YOUR TASK - Drop the pictures and repeat the remaining data exactly.

RECORDS FOR THIS TASK -
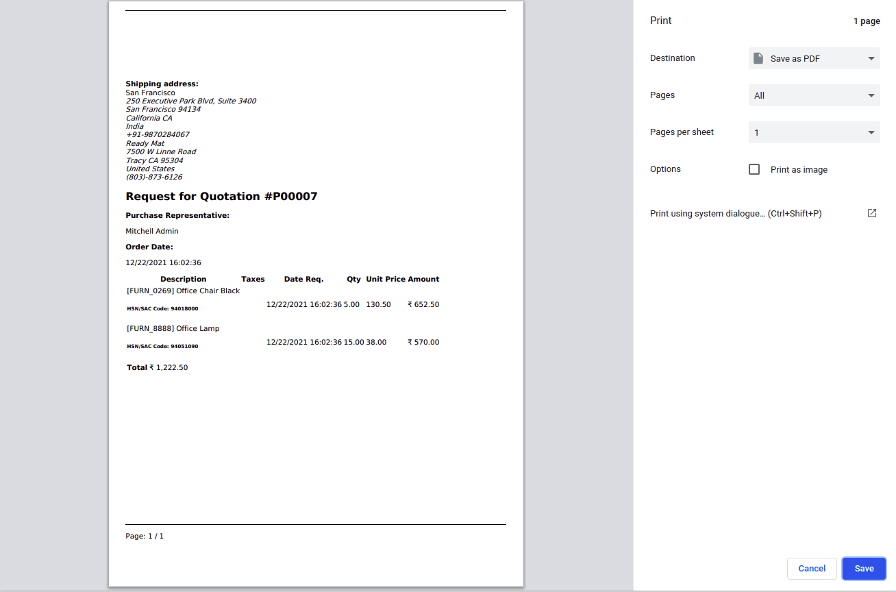 2.1. After that, you can see the ‘Purchase order’ print pop-up on your screen.
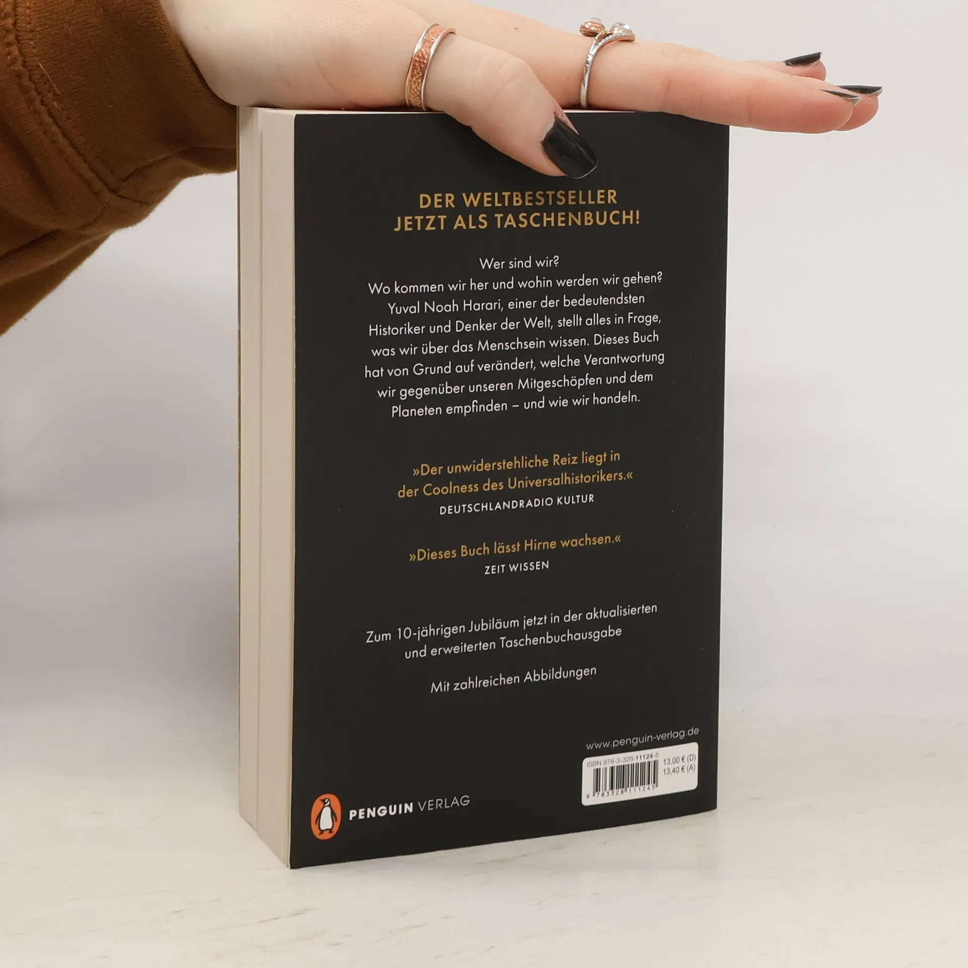 Der Millionenseller jetzt in einer günstigen und erweiterten Taschenbuchausgabe Vor 100.000 Jahren lebte Homo Sapiens als unbedeutende Spezies in einem abgelegenen Winkel des afrikanischen Kontinents. Heute ist der Mensch Herr und Schrecken des Planeten. Wie konnte es dazu kommen? In seiner fulminanten Reise von den Menschenaffen bis zum Cyborg entwirft Yuval Noah Harari mit seinem international gefeierten Bestseller »Sapiens - Eine kurze Geschichte der Menschheit« das große Panorama unserer eigenen Geschichte – und stellt die Frage, wohin wir von hier aus gehen wollen. »Sapiens« ist einer der größten Sachbucherfolge aller Zeiten und hat allein in Deutschland, bisher unter dem Titel »Eine kurze Geschichte der Menschheit«, über 2 Millionen Exemplare verkauft. Dieser immense Erfolg ist kein Zufall: Das Buch hat von Grund auf verändert, welche Verantwortung wir als Menschen gegenüber unseren Mitgeschöpfen und dem Planeten empfinden – und wie wir handeln. »Yuval Noah Harari schreibt präzise, klug – und vor allem so, dass man gar nicht aufhören will zu lesen. Dieses Buch lässt Hirne wachsen.« ZEIT WISSEN Das Buch erschien erstmals 2013 unter dem Titel »Eine kurze Geschichte der Menschheit« bei DVA. Diese Taschenbuchausgabe ist aktualisiert und um ein neues Nachwort ergänzt. Mit zahlreichen Abbildungen
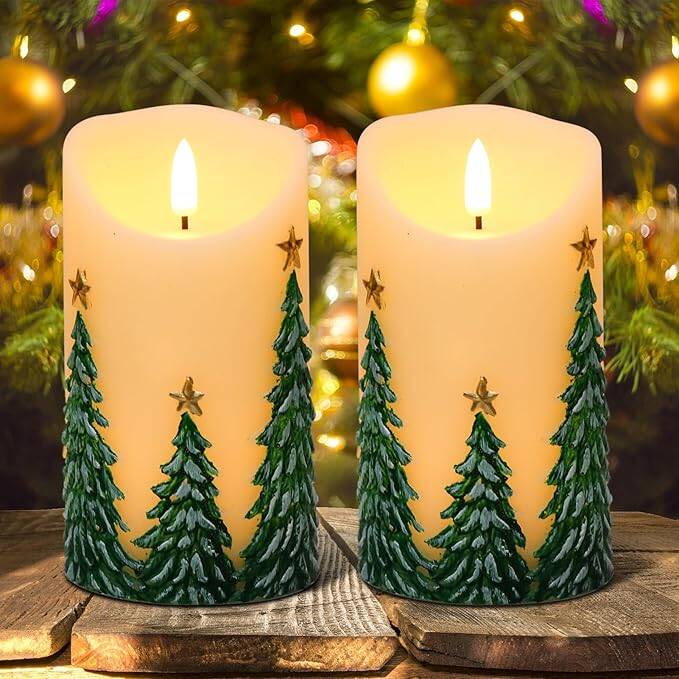 Wondise Christmas Flameless Candles with Timer, Battery Operated Flickering 3D Wick Real Wax Christmas Tree Candles for Christmas Holiday Indoor Decoration, Set of 2, Ivory(D3 x H5.7 Inch), for just $23.99! Go HERE
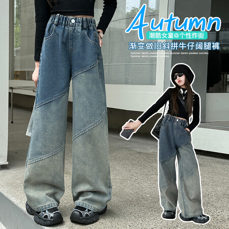 1*8下载“TT2403废土风斜拼三节牛仔阔腿裤”图片包
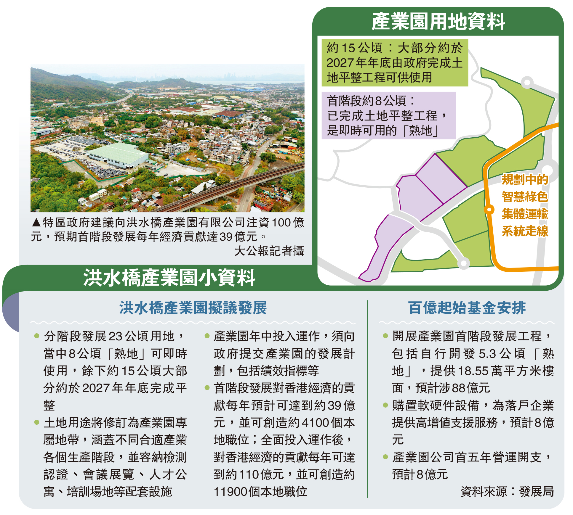 【大公報訊】記者鄭文迪、易曉彤報道:特區政府建議向洪水橋產業園有限公司注資100億元,支持產業園公司初期營運和發展需要。發展局昨日向立法會交代注資用途,並提到初步研究及市場意向顯示,落戶園區的產業包括高增值或智能化生產、先進建造業等,預期首階段發展每年經濟貢獻可達39億元、創造約4100個本地職位,全面投入運作後每年經濟貢獻可達110億元,並可創造約1.19萬個本地職位。產業園公司預計今年中投入運作,日後須提交績效指標等發展計劃,確保用好政府注資。
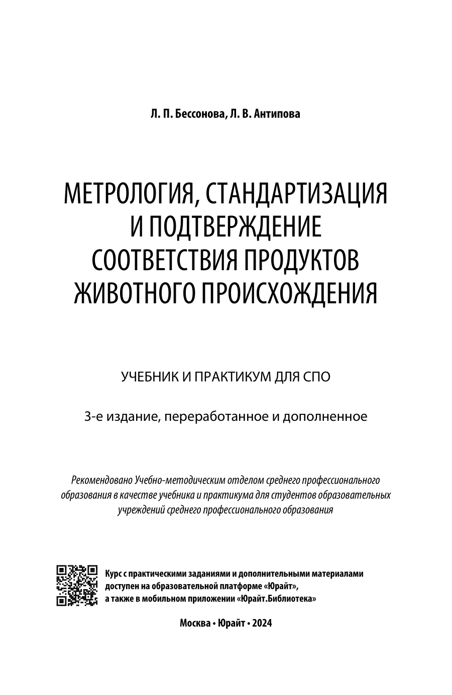 На сегодняшний день товар «Книга: Метрология стандартизация и подтверждение соответствия продуктов животного происхождения 3-е изд. пер. и доп. Учебник и практикум для СПО (Людмила Васильевна Антипова); ЮРАЙТ, 2023» можно купить с кешбеком в 1 магазине: ЛитРес
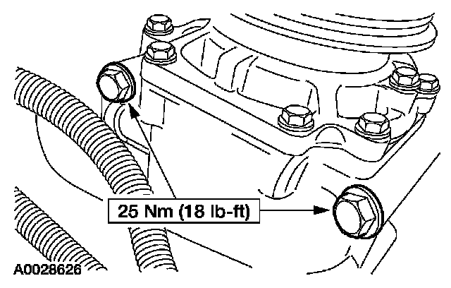 2. Remove the accessory drive belt from the A/C compressor pulley.
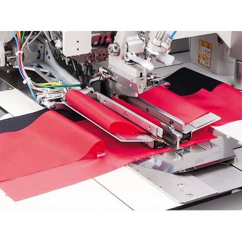 | Автоматические функции | Цветной графический дисплей OP 7000 для программирования 200 различных программ карманов, 40 последовательностей с максимум 8 возможными ячейками памяти, возможность программирования закрепки шва или уплотнения стежка, длины стежка, коррекции центрального и угловых ножей, скорости шитья и скорости продвижения материала. Режим "трикотаж". Автоматическая регулировка зажимов с растяжением материала. Дополнительное включаемое натяжение нитей. Датчик обрыва игольной нити. Датчик контроля остатка нити на шпуле. Копирование параметров машины через USB-накопитель. Сохранение параметров в ID машины. Автоматическая станция угловых ножей. |
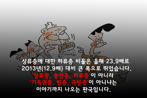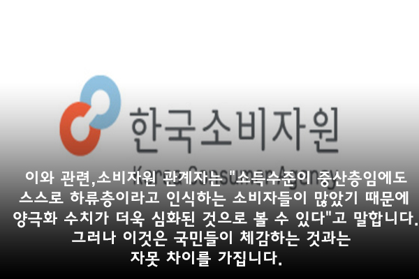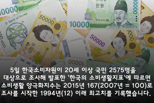 소비생활 양극화지수는 2015년 167(2007년 = 100)로 조사를 시작한 1994년(12) 이래 최고치를 기록했습니다.
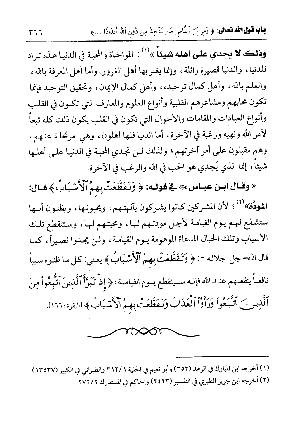 " وقال ابن عباس -رضي الله عنه- في قوله {وَتَقَطَّعَتْ بِهِمُ الْأَسْبَابُ} [البقرة: 166] قال: المودة " (¬2) ؛ لأن المشركين كانوا يشركون بآلهتهم، ويحبونها، ويظنون أنها ستشفع لهم يوم القيامة لأجل مودتهم لها، ومحبتهم لها، وستتقطع تلك الأسباب وتلك الحبال المدعاة الموهومة يوم القيامة، ولن يجدوا نصيرا، كما قال الله -جل جلاله-: {وَتَقَطَّعَتْ بِهِمُ الْأَسْبَابُ} [البقرة: 166] يعني: كل ما ظنوه سببا نافعا عند الله فإنه سينقطع يوم القيامة: {إِذْ تَبَرَّأَ الَّذِينَ اتُّبِعُوا مِنَ الَّذِينَ اتَّبَعُوا وَرَأَوُا الْعَذَابَ وَتَقَطَّعَتْ بِهِمُ الْأَسْبَابُ} [البقرة: 166] [البقرة: 166] .

FINAL ANSWER -
 2.1. After that, you can see the ‘Purchase order’ print pop-up on your screen.
 Der Millionenseller jetzt in einer günstigen und erweiterten Taschenbuchausgabe Vor 100.000 Jahren lebte Homo Sapiens als unbedeutende Spezies in einem abgelegenen Winkel des afrikanischen Kontinents. Heute ist der Mensch Herr und Schrecken des Planeten. Wie konnte es dazu kommen? In seiner fulminanten Reise von den Menschenaffen bis zum Cyborg entwirft Yuval Noah Harari mit seinem international gefeierten Bestseller »Sapiens - Eine kurze Geschichte der Menschheit« das große Panorama unserer eigenen Geschichte – und stellt die Frage, wohin wir von hier aus gehen wollen. »Sapiens« ist einer der größten Sachbucherfolge aller Zeiten und hat allein in Deutschland, bisher unter dem Titel »Eine kurze Geschichte der Menschheit«, über 2 Millionen Exemplare verkauft. Dieser immense Erfolg ist kein Zufall: Das Buch hat von Grund auf verändert, welche Verantwortung wir als Menschen gegenüber unseren Mitgeschöpfen und dem Planeten empfinden – und wie wir handeln. »Yuval Noah Harari schreibt präzise, klug – und vor allem so, dass man gar nicht aufhören will zu lesen. Dieses Buch lässt Hirne wachsen.« ZEIT WISSEN Das Buch erschien erstmals 2013 unter dem Titel »Eine kurze Geschichte der Menschheit« bei DVA. Diese Taschenbuchausgabe ist aktualisiert und um ein neues Nachwort ergänzt. Mit zahlreichen Abbildungen
 Wondise Christmas Flameless Candles with Timer, Battery Operated Flickering 3D Wick Real Wax Christmas Tree Candles for Christmas Holiday Indoor Decoration, Set of 2, Ivory(D3 x H5.7 Inch), for just $23.99! Go HERE
 1*8下载“TT2403废土风斜拼三节牛仔阔腿裤”图片包
 【大公報訊】記者鄭文迪、易曉彤報道:特區政府建議向洪水橋產業園有限公司注資100億元,支持產業園公司初期營運和發展需要。發展局昨日向立法會交代注資用途,並提到初步研究及市場意向顯示,落戶園區的產業包括高增值或智能化生產、先進建造業等,預期首階段發展每年經濟貢獻可達39億元、創造約4100個本地職位,全面投入運作後每年經濟貢獻可達110億元,並可創造約1.19萬個本地職位。產業園公司預計今年中投入運作,日後須提交績效指標等發展計劃,確保用好政府注資。
 На сегодняшний день товар «Книга: Метрология стандартизация и подтверждение соответствия продуктов животного происхождения 3-е изд. пер. и доп. Учебник и практикум для СПО (Людмила Васильевна Антипова); ЮРАЙТ, 2023» можно купить с кешбеком в 1 магазине: ЛитРес
 2. Remove the accessory drive belt from the A/C compressor pulley.
 | Автоматические функции | Цветной графический дисплей OP 7000 для программирования 200 различных программ карманов, 40 последовательностей с максимум 8 возможными ячейками памяти, возможность программирования закрепки шва или уплотнения стежка, длины стежка, коррекции центрального и угловых ножей, скорости шитья и скорости продвижения материала. Режим "трикотаж". Автоматическая регулировка зажимов с растяжением материала. Дополнительное включаемое натяжение нитей. Датчик обрыва игольной нити. Датчик контроля остатка нити на шпуле. Копирование параметров машины через USB-накопитель. Сохранение параметров в ID машины. Автоматическая станция угловых ножей. |
 소비생활 양극화지수는 2015년 167(2007년 = 100)로 조사를 시작한 1994년(12) 이래 최고치를 기록했습니다.
 " وقال ابن عباس -رضي الله عنه- في قوله {وَتَقَطَّعَتْ بِهِمُ الْأَسْبَابُ} [البقرة: 166] قال: المودة " (¬2) ؛ لأن المشركين كانوا يشركون بآلهتهم، ويحبونها، ويظنون أنها ستشفع لهم يوم القيامة لأجل مودتهم لها، ومحبتهم لها، وستتقطع تلك الأسباب وتلك الحبال المدعاة الموهومة يوم القيامة، ولن يجدوا نصيرا، كما قال الله -جل جلاله-: {وَتَقَطَّعَتْ بِهِمُ الْأَسْبَابُ} [البقرة: 166] يعني: كل ما ظنوه سببا نافعا عند الله فإنه سينقطع يوم القيامة: {إِذْ تَبَرَّأَ الَّذِينَ اتُّبِعُوا مِنَ الَّذِينَ اتَّبَعُوا وَرَأَوُا الْعَذَابَ وَتَقَطَّعَتْ بِهِمُ الْأَسْبَابُ} [البقرة: 166] [البقرة: 166] .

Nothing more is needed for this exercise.